» WORK TO BE COMPLETED:
If pictures are present, leave them out, and copy the data word for word.

» GIVEN INFORMATION:
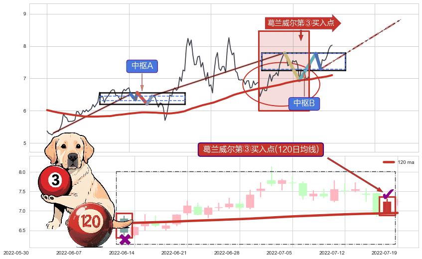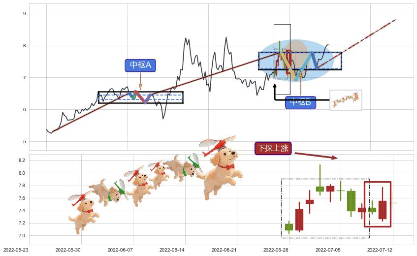 ➢ 【中枢B】:2022-07-04-2022-08-03,中枢由4笔构成,共23交易日, ZG=7.77, ZD=7.29
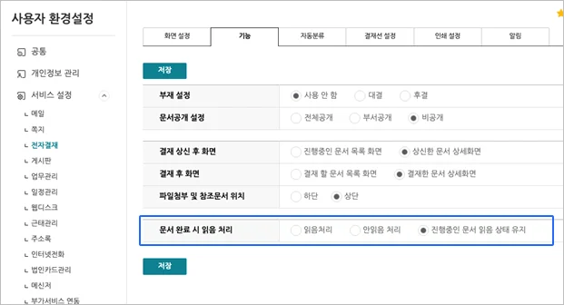 4. 완료된 전자결재 “내 문서함”의 읽음 처리 설정
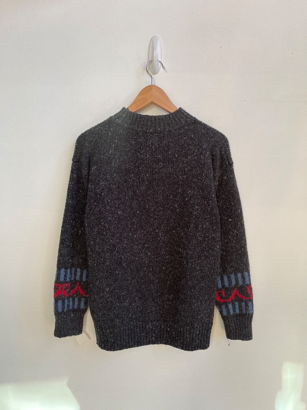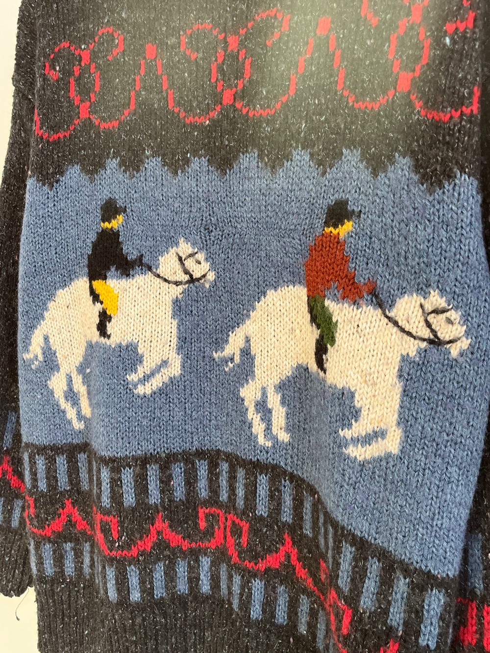 Fits oversized! An amazing vintage knit sweater with racing jockeys on front and patterns throughout. Knit is 100% wool- stretchy and soft
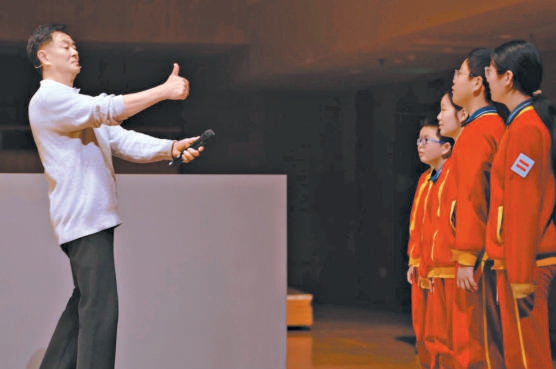 現(xiàn)場(chǎng)互動(dòng)環(huán)節(jié)更是高潮迭起。多位青少年登臺(tái)朗誦《木蘭辭》,濮存昕始終耐心傾聽,不時(shí)點(diǎn)頭稱贊:“很好!肢體再放松點(diǎn),聲音可以再大點(diǎn)!”他總是先肯定孩子們的“天然天真”,再以專業(yè)眼光指出可提升之處,親自示范如何通過技術(shù)訓(xùn)練達(dá)到更自由的表達(dá)。這種既保護(hù)本真、又引導(dǎo)提升的教學(xué)理念,正是他反復(fù)強(qiáng)調(diào)的“平衡技巧訓(xùn)練與個(gè)性表達(dá),避免陷入機(jī)械化表演”的生動(dòng)實(shí)踐。

» TASK RESULT:
 ➢ 【中枢B】:2022-07-04-2022-08-03,中枢由4笔构成,共23交易日, ZG=7.77, ZD=7.29
 4. 완료된 전자결재 “내 문서함”의 읽음 처리 설정
 Fits oversized! An amazing vintage knit sweater with racing jockeys on front and patterns throughout. Knit is 100% wool- stretchy and soft
 現(xiàn)場(chǎng)互動(dòng)環(huán)節(jié)更是高潮迭起。多位青少年登臺(tái)朗誦《木蘭辭》,濮存昕始終耐心傾聽,不時(shí)點(diǎn)頭稱贊:“很好!肢體再放松點(diǎn),聲音可以再大點(diǎn)!”他總是先肯定孩子們的“天然天真”,再以專業(yè)眼光指出可提升之處,親自示范如何通過技術(shù)訓(xùn)練達(dá)到更自由的表達(dá)。這種既保護(hù)本真、又引導(dǎo)提升的教學(xué)理念,正是他反復(fù)強(qiáng)調(diào)的“平衡技巧訓(xùn)練與個(gè)性表達(dá),避免陷入機(jī)械化表演”的生動(dòng)實(shí)踐。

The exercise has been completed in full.